─── RECORDS FOR THIS TASK ───

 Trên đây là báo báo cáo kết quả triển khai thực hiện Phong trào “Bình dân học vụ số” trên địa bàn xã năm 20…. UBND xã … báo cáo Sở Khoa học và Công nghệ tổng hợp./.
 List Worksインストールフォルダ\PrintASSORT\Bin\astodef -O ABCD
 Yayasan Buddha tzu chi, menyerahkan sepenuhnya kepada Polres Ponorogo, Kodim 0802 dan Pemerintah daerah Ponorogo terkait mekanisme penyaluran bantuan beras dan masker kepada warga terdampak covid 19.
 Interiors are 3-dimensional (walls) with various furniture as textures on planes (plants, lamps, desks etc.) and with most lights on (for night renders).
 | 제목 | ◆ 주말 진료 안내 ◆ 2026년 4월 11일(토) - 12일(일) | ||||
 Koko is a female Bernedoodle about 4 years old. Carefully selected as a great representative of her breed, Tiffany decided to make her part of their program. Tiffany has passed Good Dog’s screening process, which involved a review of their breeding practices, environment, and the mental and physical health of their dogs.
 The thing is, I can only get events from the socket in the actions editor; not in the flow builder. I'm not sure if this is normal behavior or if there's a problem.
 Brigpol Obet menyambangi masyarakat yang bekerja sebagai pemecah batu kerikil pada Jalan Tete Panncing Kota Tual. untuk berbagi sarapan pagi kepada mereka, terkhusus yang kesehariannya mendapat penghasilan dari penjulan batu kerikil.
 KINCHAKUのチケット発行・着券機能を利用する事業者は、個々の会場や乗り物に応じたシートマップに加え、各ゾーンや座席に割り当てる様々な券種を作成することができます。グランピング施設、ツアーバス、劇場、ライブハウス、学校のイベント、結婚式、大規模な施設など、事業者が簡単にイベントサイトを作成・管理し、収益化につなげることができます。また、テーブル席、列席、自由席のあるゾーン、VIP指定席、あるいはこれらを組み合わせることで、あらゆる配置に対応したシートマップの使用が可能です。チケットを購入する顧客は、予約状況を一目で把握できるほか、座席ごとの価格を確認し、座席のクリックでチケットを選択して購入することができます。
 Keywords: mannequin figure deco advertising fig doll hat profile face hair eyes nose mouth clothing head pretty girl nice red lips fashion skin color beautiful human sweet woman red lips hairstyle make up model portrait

───

▶ _TO DO_: An exact repeat of the lines from the one containing "Brigpol Obet menyambangi" through the final line of the entries is the whole answer.

▶ _ANSWER BELOW_:
 Brigpol Obet menyambangi masyarakat yang bekerja sebagai pemecah batu kerikil pada Jalan Tete Panncing Kota Tual. untuk berbagi sarapan pagi kepada mereka, terkhusus yang kesehariannya mendapat penghasilan dari penjulan batu kerikil.
 KINCHAKUのチケット発行・着券機能を利用する事業者は、個々の会場や乗り物に応じたシートマップに加え、各ゾーンや座席に割り当てる様々な券種を作成することができます。グランピング施設、ツアーバス、劇場、ライブハウス、学校のイベント、結婚式、大規模な施設など、事業者が簡単にイベントサイトを作成・管理し、収益化につなげることができます。また、テーブル席、列席、自由席のあるゾーン、VIP指定席、あるいはこれらを組み合わせることで、あらゆる配置に対応したシートマップの使用が可能です。チケットを購入する顧客は、予約状況を一目で把握できるほか、座席ごとの価格を確認し、座席のクリックでチケットを選択して購入することができます。
 Keywords: mannequin figure deco advertising fig doll hat profile face hair eyes nose mouth clothing head pretty girl nice red lips fashion skin color beautiful human sweet woman red lips hairstyle make up model portrait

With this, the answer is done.